Growing up in the 21st century, I quite sadly have to admit, the DailyMail or Mashable Snapchat stories or BuzzFeed Facebook articles with bold clickbait headlines usually end up being my predominant way of accessing news stories. 99% of the time whilst reading through the articles I also end up distracted by a new BuzzFeed personality quiz that will pop up while I’m reading so whatever important global news I was being informed on ends up interrupted. Someone will then ask “did you hear about *insert important news story here* and I end up having to pretend I know exactly about what they’re talking about and not which SpongeBob Squarepants character best suits my personality. (I got Squidward click here and do it yourself, you know you want to.)
Just by reading the above paragraph, it is very easily determined that the majority of millennials follow the same footsteps as myself and our news sources are in no way at all what our parents would consider “news”. They do however serve great purpose for satisfying our entertainment needs. It’s actually quite alarming to think individuals of our age are more likely to click on an article titled “19 Pictures that will make you want to get a dog immediately” or “18 people who took the art of laziness to a whole new level” than an article titled “These Men Were Accused of Mutilating, Harming, Or Assaulting Patients. But They Could Have Been Registered As Doctors Again.”
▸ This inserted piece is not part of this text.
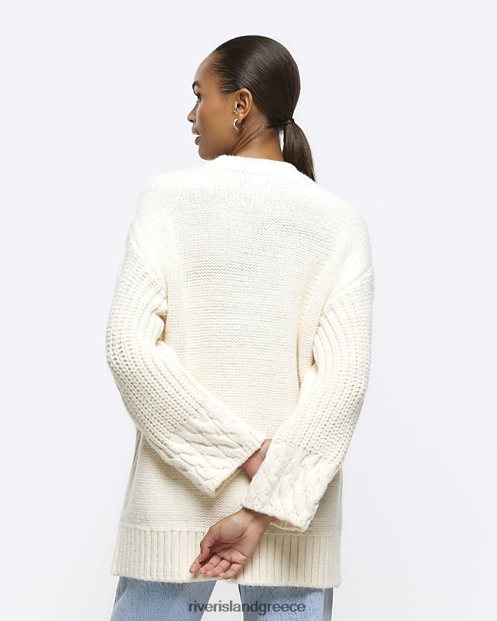 River Island ενδύματα κρέμα γυναίκες πλεκτό μπλουζάκι με καλώδιο B6N8X3833
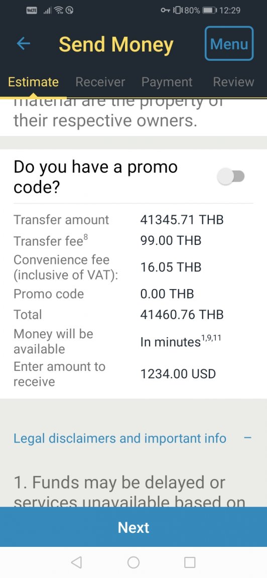 Money is now added as baht (or a different currency if you selected a different wallet), and you can sent it to anyone in the world...

In Noah Robischon’s “How BuzzFeed’s Jonah Peretti is Building a 100-Year Media Company” which is definitely worth the read, three main points to take away are Peretti’s influences: Paramount Pictures, CNN and Jay Z. The revolutionary impacts of the three being:
- Paramount’s self-cast of talent and its own distribution channel in the form of theatres “that allowed them to adapt and change as the market changed,” says Peretti
- Ted Turner’s (CNN) ability to use satellite and cable technology to operate 24-hour news at only a fraction of what the networks expenses were
- Growing up listening to Jay Z whose music was filled with “boasts—selling more albums, earning more money, amassing more bling” . Compared to his indie-rock loving friends who despised mainstream media and a “deeply tortured relationship with popularity” Peretti felt the opposite and that whatever he wanted to create, he wanted it big.
BuzzFeed’s power to relate to a range of audiences and be accessible through a range of platforms, adapting and changing as we as a population do the same, has contributed to its great success. Whether all its’ “news” is considered reliable is questionable, but it’s ability to inform audiences on important stories like “Which Of The “Friends” Characters Voted For Trump?” is amazing.